More information about cross-transmission
If we want to confirm cross-transmission between humans and nonhuman primates, the parasites must be identified to the species level. Due to the limited morphological characters of parasites, delimiting their species using microscopy can be difficult. Molecular techniques are increasingly used as a main tool in the identification of species. For example, molecular methods have been used to study genetic variation within Oesophagostomum bifurcum in humans and nonhuman primates in Ghana (remember that Oesophagostomum sp. was also found in Cape Peninsula baboons). Using molecular tools, researchers have shown that Oesophagostomum bifurcum found in humans is genetically distinct from that infecting some non-human primates and thus that nonhuman primates are unlikely to be a source of human oesophagostomiasis. More research must therefore be done to confirm cross-transmission of parasites between humans and baboons.
Are there concerns for Cape Peninsula residents?

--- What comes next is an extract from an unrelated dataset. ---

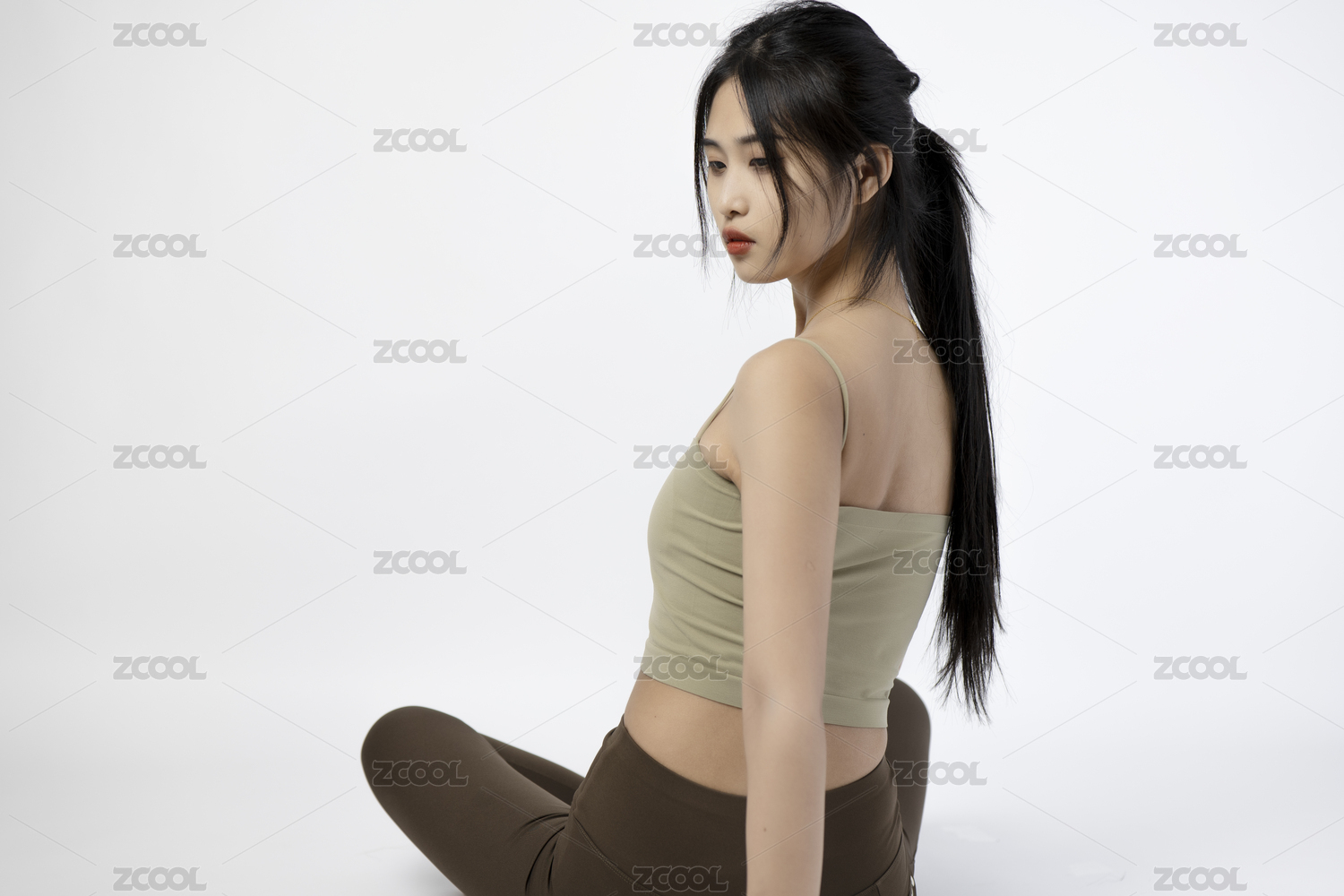 坐著練瑜伽的東方女子

Currently there is no evidence for transmission of human parasites to baboons or vice versa in the Peninsula but we are investigating this possibility in our study and will be sure to keep the public informed as the results become available. We strongly suggest that people avoid contact with baboons and their faeces. However, to put this risk in perspective we need to be aware that a similar warning could be made for human contact with the faeces of domestic animals that are far more prevalent within our community and whose faeces are more abundant within public areas and private gardens.
References
Cogswell, F. 2007. Parasites of Non-human Primates. In: Flynn’s parasites of laboratory animals, (ed.) R. J. Flynn & D. G. Baker. Blackwell Pub.: Ames, Iowa, pp. 693 – 743.
Gasser, R. B., De Gruijter, J. M., and Polderman A. M. 2006. Insights into the epidemiology and genetic make-up of Oesophagostomum bifurcum from human and non-human primates using molecular tools. Parasitology 132: 453 – 460.
Pedersen, A. B., Altizer, S., POSS, M., Cunningham, A. A, and Nunn, C. L. 2005. Patterns of host specificity and transmission among parasites of wild primates. International Journal for Parasitology 35 (6): 647 – 657.